The task: With the pictures left out, retype exactly the lines below starting at the line that contains "Loading is similarly" and ending at the line that contains "Figure 1 Photos".

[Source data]
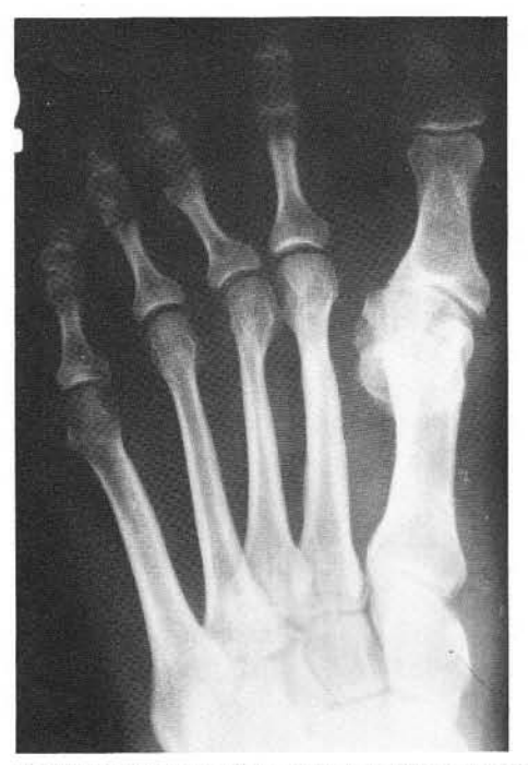
Fig. 16. Early phase of avascularity or the pre-collapsed phase of aseptic necrosis six months following second hallux valgus surgery.
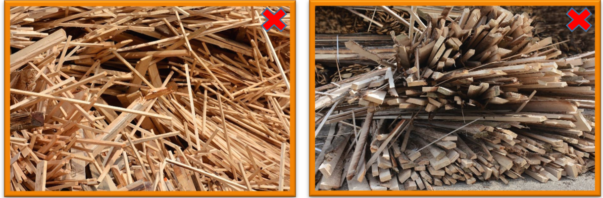
Unbundled Wood Wastes

Deliveries containing inappropriate objects such as branches, soil, stones, plastic wastes, metallic objects, pieces of wood, etc. are not allowed. The delivered material must be bundled (minimum 3 bindings per bundle). The steel bindings are not accepted. Unbundled wood wastes will be overtake and paid with 10% price reduction.
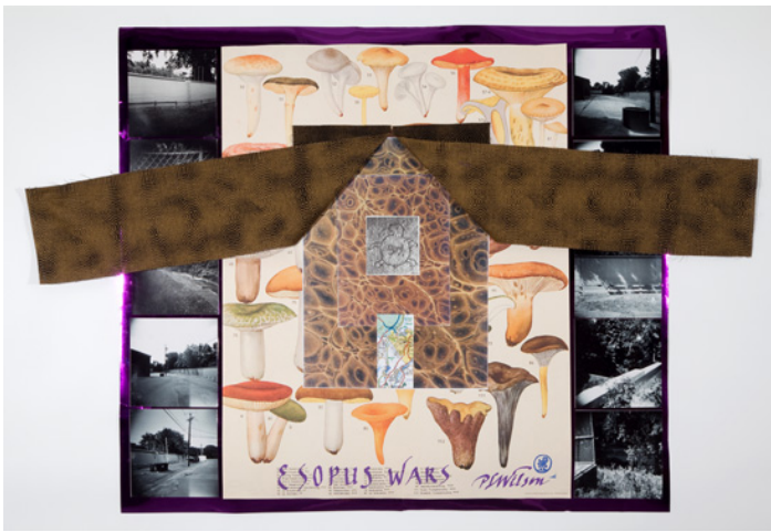
Hakim Bey, The Esopus Wars , 2010, mixed media (map, box, and Canto VI of Riverpeople), concerning the seventeenth century wars between the Dutch and the native Esopus Indians.

HUO: Do you also see it as anti-democratic?
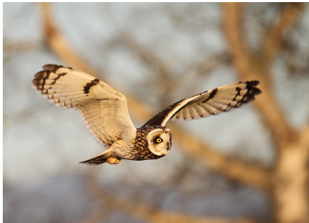
SHORT EARED OWL 4 BY JIM BASINGER THIRD PLACE
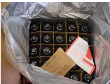
Figure 2(a) Perforators as packaged
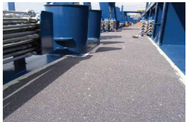
Jota Armour applied

Jota Armour is available in a limited range of colours, including Grey BS 640, and can be overcoated with a variety of topcoats.
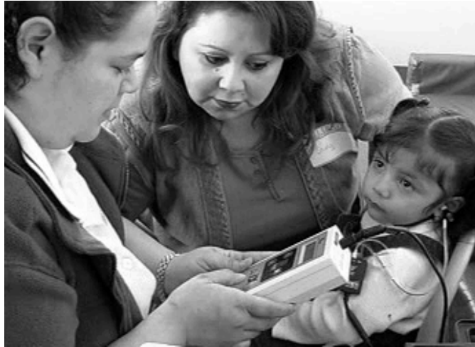
Figure 1. Photo of child being screened using OAE technology.
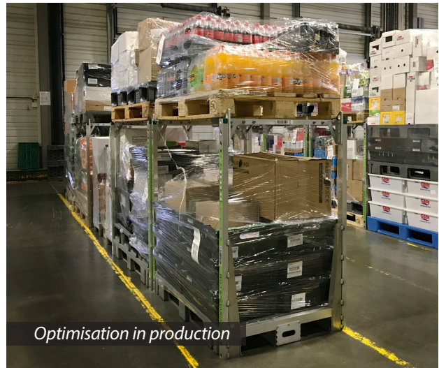
Optimisation in production

Loading is similarly efficient with two pallets being loaded at a time.
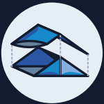
PVC Roof PVC Insulated Roof
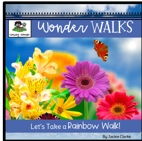
Let's Take a Rainbow Walk
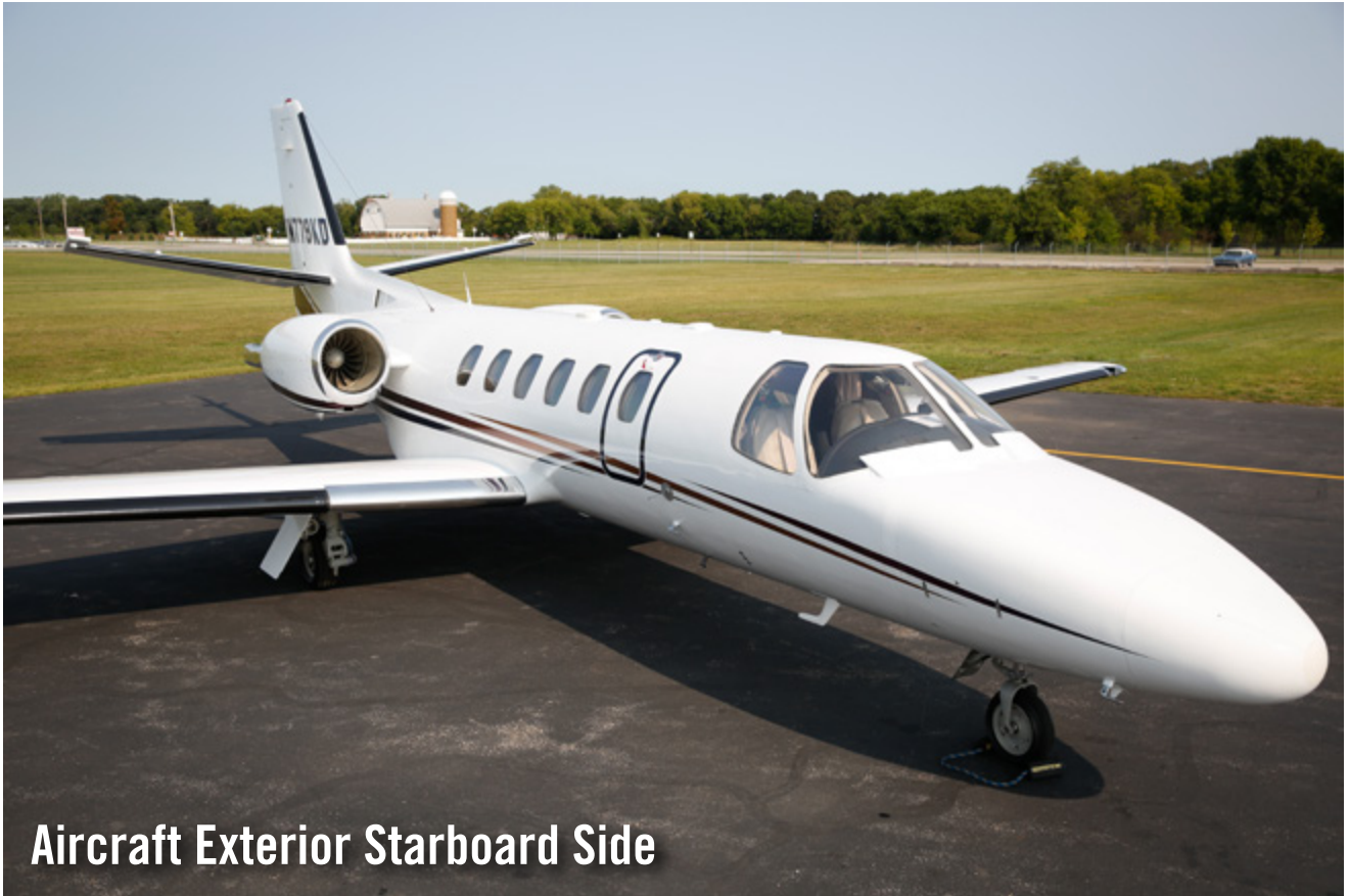
Aircraft Exterior Starboard Side
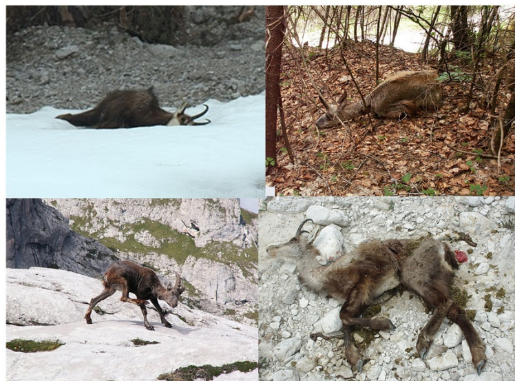
Figure 1 Photos of decomposed carcasses, and sick Alpine chamois and Alpine ibex showing mangy lesions.

At that time of the index case, conservative census data by direct observation indicated that the local chamois population, for which yearly census data by direct observation were available, was numbering 810 heads (6.0 chamois/100 ha). In the following years, a significant demographic decline (with peak mortality in years in 1997, 1998 and 2001) was observed, leading to a low post-epidemic density of 1.4 heads/100 ha and a conservative decline estimate of 77% (Figure 1). The first epidemic wave of scabies waned during years 2003 to 2007,
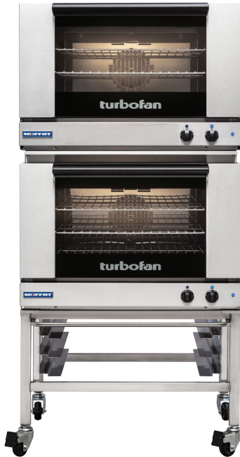
Model E27M3/2C shown

Double Stacked on a Stainless Steel Base Stand
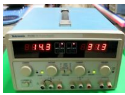
TEKTRONIX PS280 DC 0-30V TRIPLE POWER... C $146.27 + shipping
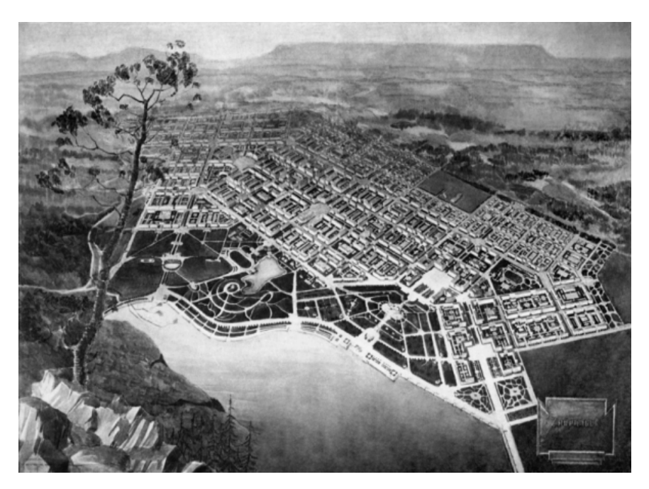
Figure 2. Master plan for the city of Norilsk (c.1939)
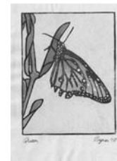
Alex Orgren Andover, New Jersey USA Print Title: "Queen"

Paper Dimension: 12.5 x 17.5 cm Image Dimension: 10 x 15 cm Block: Matsumura Shina Plywood Pigment or Ink: Naigai new HST Black Paper: Echizen Torinoko Edition: 45 Comments: Sweetly dreaming.
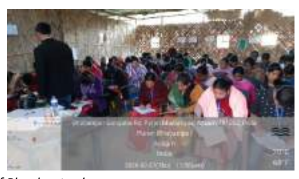
Theory Assessment of Plumber trade
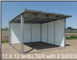
12 X 12 SHELTER with 2 SIDES

Noble SHELTERS with solid walls are fabricated to accept 3/4" plywood of any grade (which is not included). A unique plywood mounting tab is used to secure each piece of wood in place. The plywood is cut to size (as per cut diagram) and is mounted against these mounting tabs with a T-Nut and Machine Screw supplied in each installation kit. This design allows each sheet of wood to be recessed inside the wall panel. There are no exposed edges or corners of wood for livestock to chew or crib on. When installed, each piece of wood will have a small air gap around its perimeter (approximately 1/8" to 1/4"). These perimeter openings offer solutions to commonly asked questions regarding lighting and ventilation . First, animals are more likely to enter a shelter when there is some visible lighting, ie. not a dark hole or box. Second, health issues arise when livestock are contained in poorly ventilated areas. Body heat and moisture can create health problems for different animals where there is little ventilation.
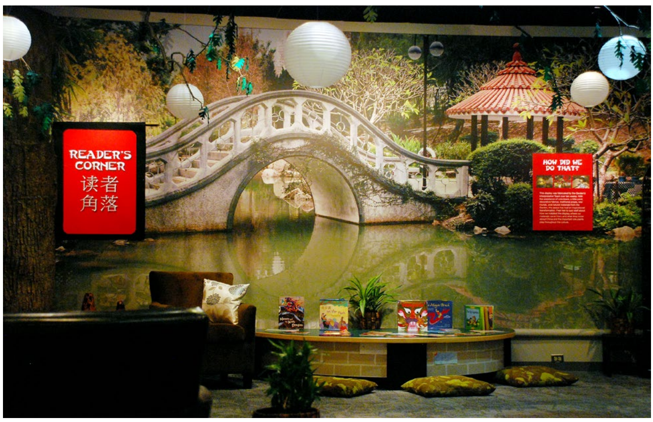
Plants and People: China exhibit

The exhibit is located in the Brookings Interpretive Center at the Missouri Botanical Garden. It is on display March 31, 2012 through January 1, 2013.
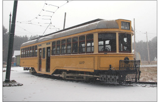
Seashore 30 Dec. 2006

Answer to this exercise:
Loading is similarly efficient with two pallets being loaded at a time.
PVC Roof PVC Insulated Roof
Let's Take a Rainbow Walk
Aircraft Exterior Starboard Side
Figure 1 Photos of decomposed carcasses, and sick Alpine chamois and Alpine ibex showing mangy lesions.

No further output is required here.